Forum Moderators: Robert Charlton & goodroi
However -- and this is especially true if you are having trouble coming up on appropriate searches -- it is a good idea to look through all the urls you can see in the site: query and discover if any urls in there are problematic. That is, look for any urls that do resolve but "shouldn't" because you intended a different url for that content.
When I can find a way to tweeze out some detail, I often find that Google has been very creative in getting duplicate, triplicate and higher urls for the same content. Also, the supplemental index often comes into play. If a dynamic website has been redeveloped in the past year or two, look out.
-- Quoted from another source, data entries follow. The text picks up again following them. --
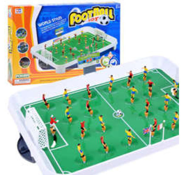 Jedná se o velkou sadu. Dva kompletní týmy po 11 hráčích. Brankář je aktivní a může být přesunut za účelem bránění branek. tato sada poskytne vzrušující zábavu pro dítě a pravděpodobně i pro tatínky. Hry se mohou zúčastnit nejméně 2 osoby. Pozváním většího počtu lidí lze uspořádat skutečný fotbalový turnaj, mistrovství Evropy nebo dokonce mistrovství světa.
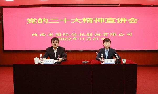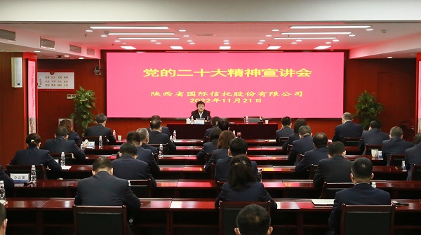 會(huì)議要求,公司上下要進(jìn)一步強(qiáng)化思想認(rèn)識(shí),深刻領(lǐng)悟“兩個(gè)確立”的決定性意義,切實(shí)增強(qiáng)“四個(gè)意識(shí)”、堅(jiān)定“四個(gè)自信”、做到“兩個(gè)維護(hù)”,不斷提高政治判斷力、政治領(lǐng)悟力、政治執(zhí)行力,更加自覺地用黨的二十大精神統(tǒng)一思想、統(tǒng)一意志、統(tǒng)一行動(dòng),緊跟習(xí)近平總書記奮進(jìn)新征程、建功新時(shí)代。要進(jìn)一步掀起學(xué)習(xí)熱潮,采取多種形式,組織廣大黨員干部員工原原本本學(xué)、全面系統(tǒng)學(xué)、持續(xù)深入學(xué),黨員領(lǐng)導(dǎo)干部要帶頭把好基調(diào)、把好導(dǎo)向,準(zhǔn)確、全面、生動(dòng)地宣講好黨的二十大精神,做好全方位、多層次、立體式宣傳解讀,讓黨的二十大精神入腦入心。要在理解二十大精神精髓要義、掌握立場(chǎng)觀點(diǎn)方法、把握基本規(guī)律上下深功夫、細(xì)功夫、硬功夫,以強(qiáng)烈的政治責(zé)任感和歷史使命感做好學(xué)習(xí)宣傳貫徹工作,切實(shí)把改革創(chuàng)新發(fā)展的力量凝聚到落實(shí)黨的二十大對(duì)金融工作的各項(xiàng)部署上來(lái),大力加快創(chuàng)新人才隊(duì)伍建設(shè),全力推動(dòng)黨建文化與企業(yè)文化、信托文化、清廉文化相融合,全面推動(dòng)“重塑再造陜國(guó)投”取得新成效。要弘揚(yáng)馬克思主義優(yōu)良學(xué)風(fēng),增強(qiáng)學(xué)習(xí)的針對(duì)性和實(shí)效性,立足本職工作,緊密聯(lián)系公司實(shí)際,堅(jiān)持學(xué)思用貫通、知信行統(tǒng)一,切實(shí)把貫徹落實(shí)黨的二十大精神體現(xiàn)到全面完成今年各項(xiàng)目標(biāo)任務(wù)和謀劃安排好明年工作目標(biāo)之中,體現(xiàn)到重塑再造陜國(guó)投的具體實(shí)踐中,體現(xiàn)到開展作風(fēng)建設(shè)專項(xiàng)行動(dòng)之中,埋頭苦干、奮勇前進(jìn),努力把學(xué)習(xí)黨的二十大精神所取得的成果轉(zhuǎn)化為公司改革發(fā)展的強(qiáng)大動(dòng)力,為奮力譜寫陜西高質(zhì)量發(fā)展新篇章貢獻(xiàn)陜國(guó)投力量。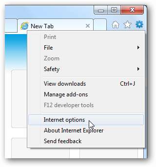 Dacă preferați să schimbați pagina Filă nouă, faceți clic pe butonul roată din extrema dreaptă a ferestrei și selectați optiuni de internet .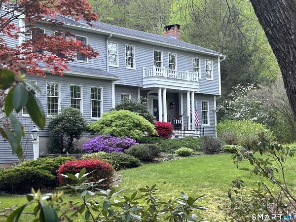Experience timeless elegance and privacy in this exceptional colonial estate set on 4.73 secluded acres on a coveted West Simsbury cul-de-sac. Featuring 5 bedrooms plus a versatile first-floor room ideal for an in-law suite, office, or library, the home showcases quality craftsmanship with 2x6 construction, oversized Andersen casement windows, solid pine doors, and crown molding. A grand two-story foyer with wainscoting sets a refined tone. The spacious family room centers around a striking fireplace and flows into a sunlit kitchen with granite countertops, a large island, and an eat-in area with French sliders. Expansive windows fill the home with natural light and frame serene views. The formal living room opens to a charming screened porch-perfect for relaxing while enjoying peaceful surroundings and the sound of a nearby waterfall. Upstairs offers five generous bedrooms, including a luxurious primary suite with vaulted ceilings, an ensuite bath, and walk-in closet. Outdoor enthusiasts will love direct access to nearby trails, including the Bog Trail and Cathles Trail with scenic overlooks and waterfall views. Conveniently located just minutes from Simsbury Farms Recreation Complex, offering golf, swimming, ice skating, and more.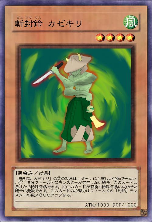 | 「斬封鈴 カゼキリ」の②の効果は1ターンに1度しか発動できない。①:自分フィールドにモンスターが存在しない場合、このカードは手札から特殊召喚できる。②このカードが召喚・特殊召喚に成功せた場合に発動できる。このカードの攻撃力はフィールドの「封鈴」モンスターの数×800アップする。 | |||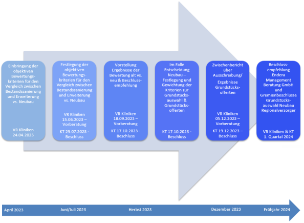 Hierbei wurden der Vorstand der Kliniken Ostalb und die Verwaltung des Ostalbkreises beauftragt, zusammen mit einem externen Beratungsunternehmen, objektive Bewertungskriterien für einen Vergleich zwischen einer möglichen Bestandssanierung mit Erweiterungsbau gegenüber einem Klinikneubau inhaltlich zu erarbeiten und dem Kreistag zum Beschluss vorzulegen. Hierbei wurden einzelne Faktoren zur Gewichtung benannt, nach Themenstellungen strukturiert und in den Gremien Verwaltungsrat Kliniken Ostalb gkAöR/ Betriebsausschuss Klinikimmobilien in den Sitzungen am 24.04.2023 und 15.06.2023 zur Beratung eingebracht sowie in der Sitzung des Kreistags am 25.07.2023 beschlossen.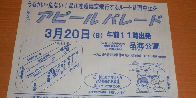 明日から三連休ですね。 羨ましいです。 三連休中に北品川ではこんなイベントがあるそうです。 羽田空港の増便によるルート変更に反対する集会ですね。 住んでる方としては騒音は嫌ですが経済が活性化するといわれると悩ましい問題です。 本日、予約に余裕がありますのでご来店、ご予約お待ちしております。 Post navigationPreviousPrevious post:おはようございます。NextNext post:19日(土)の予約状況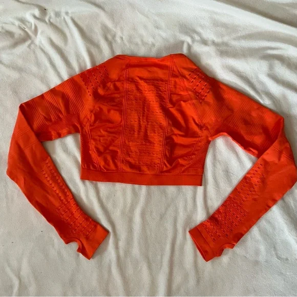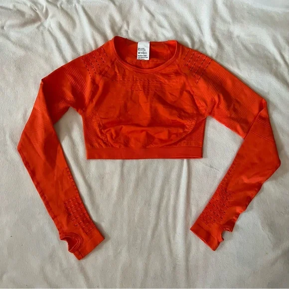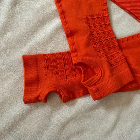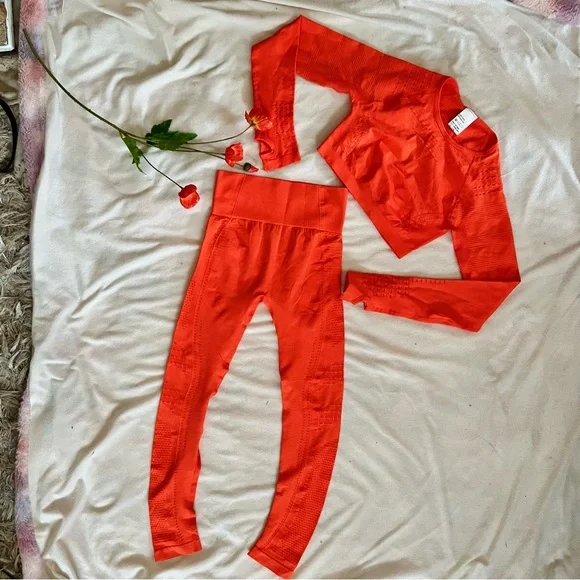 Item: Athletic SetBrand: Boutique Size: SmallColour: Vibrant OrangeFeatures: Leggings Have Compression, Breathable Design & Small Laser Cutout Design All Over. Shirt Is Cropped, Has Full Length Sleeves, Small Laser Cutout Design & Breathable DesignMaterial: 92% Nylon 8% SpandexCondition: New Without Tags, Never Worn. No Holes, Stains Or Tears Measurements:Leggings Length: 31.5”Inseam: 22”Rise: 9.5”Waist: 22”- 28”Shirt Length: 12”Bust: 26”- 36”Shoulder: 15”Sleeve: 21”
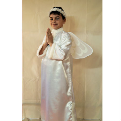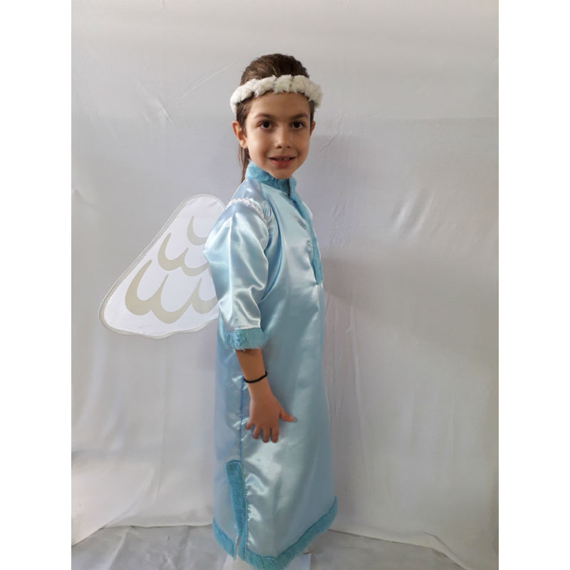 The angel costume consists of a tunic, wings and halo. The angel costume is available in gold, light blue and silver. The sizes of the angel costume are 2,4,6,8.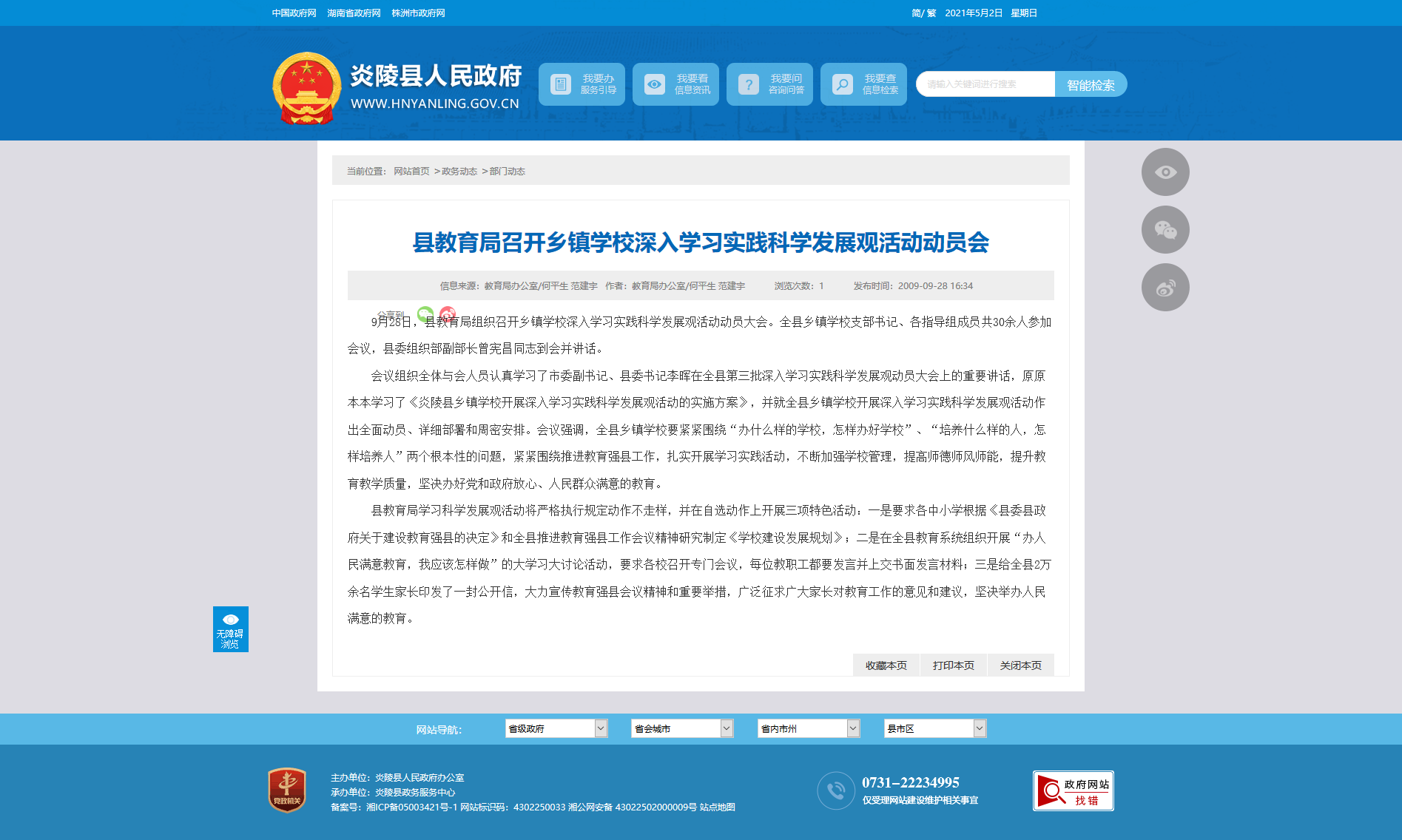 会议组织全体与会人员认真学习了市委副书记、县委书记李晖在全县第三批深入学习实践科学发展观动员大会上的重要讲话,原原本本学习了《炎陵县乡镇学校开展深入学习实践科学发展观活动的实施方案》,并就全县乡镇学校开展深入学习实践科学发展观活动作出全面动员、详细部署和周密安排。会议强调,全县乡镇学校要紧紧围绕“办什么样的学校,怎样办好学校”、“培养什么样的人,怎样培养人”两个根本性的问题,紧紧围绕推进教育强县工作,扎实开展学习实践活动,不断加强学校管理,提高师德师风师能,提升教育教学质量,坚决办好党和政府放心、人民群众满意的教育。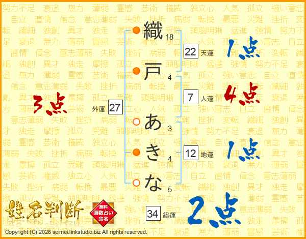 織戸あきなさんの総運は34画の2点!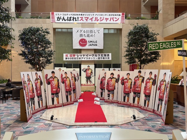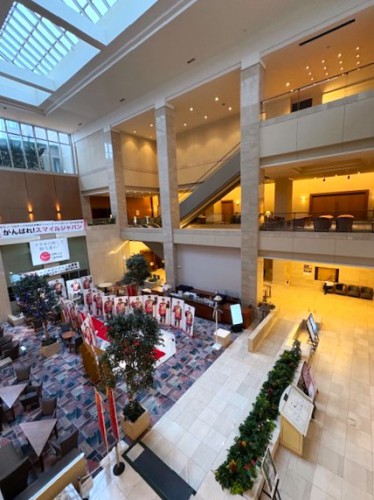 会場のホテルロビーには地元アイスホッケーチームの展示も。懐かしい雰囲気の広い吹き抜けのロビーとショップ・レストランでしたが、近々閉店するお店もポツリポツリ出始めているようで、なかなか厳しい現地の事情と理解しました。

However, those supplemental urls are not usually any problem at all if their present time handling on the server is accurate.
Watch out for your 404 handling. If lots of urls should be 404 but in reality are returning a 200 you have a problem that can greatly inflate page count. Also, if you think you have a 301 redirect but really have a 302, then there are ofte two urls in the Google index where you were aiming for one.
1 - SERPS includes supplimentals, then total (including sups.) = A.
2 - A < 1001, then total(excluding sups.) = A.
3 - A < about 100000, then total(excluding sups.) = aprox( A/10 ).
4 - For large A, inflation factor seems to vary.
I agree with everything that's been said. It's always best to make sure you website isn't producing stray / duplicate pages. That being said, you can still try to figure out what the actual page count is by using negative and positive phrases.
We're not allowed to post actual examples, but here is something to consider.
-whatever site:www.site.tld
whatever site:www.site.tld
If you have a word (whatever) that you know appears on about 20% of your pages, then this will work (given the stated size of your site). If you add the count of these two queries together, you should be able to figure out the approximate page count.